I’d be frightened of a question as broad as “Compare Athens with Sparta”, but even after all this time I do know (iirc) that Sparta was more authoritarian and placed high value on valor and physical fitness, while Athens was more academic and democratic, but I’d be at a loss to come up with more than a few historical figures or incidents as evidence of this. Thinking back, most questions asked in school had some context, which, in this case, may be lost due to culture. Perhaps the “prep schools” taught you what these questions mean and what, specifically, they are looking for you to say or mention. (i.e. if they primarily want to see at least X regurgitated king names, heroes, incidents, dates, and contemporary quotations strewn haphazardly to see if you learned enough factoids about Ancient Greece (can’t get in to Harvard unless you know at least 5 kings or heroes from Athens, 5 kings or heroes from Sparta, and can regurgitate a quote from at least 2 of each in the original Greek), or if they want you to SELECT something about Athens and Sparta and develop a thesis and present evidence. E.g., candidate selects as their answer “The Spartan military achieved more victories than the Athenian one due to Sparta’s emphasis on physical fitness”, and then fails to mention anything about architecture, agriculture, Greek dialects, religious practices, physical geography, or your mom because they don’t fit in his thesis)

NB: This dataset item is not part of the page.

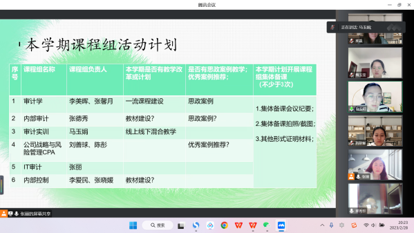 随后,张丽副主任对本学期审计系教研室活动做出总体指导,并由教研室主任马玉娟进行具体工作安排。马玉娟主任主要对教研室整个学期的教研活动主题与时间做出了详尽计划,同时指出了审计系各课程组教研活动中需解决的,如教材建设、思政案例库建设等核心问题。

Yes. I suppose in another hundred years, kids will have to write essays on 9/11 and be able to name all the hijackers.

And you haven’t bought the textbook!

The blurb, though, doesn’t say that they were “white man’s fare”. It says they were “ethnocentric” and “tailor-made for wealthy white men”. I’m at a loss as to why. I’m guessing most of the men studying those subjects weren’t Italian, Greek, or middle Eastern, so the “ethnocentricity” seems a bit misplaced. British history would have been a more ethnocentric choice. As for math and geography, I don’t get it that they’re “tailor-made” for anybody.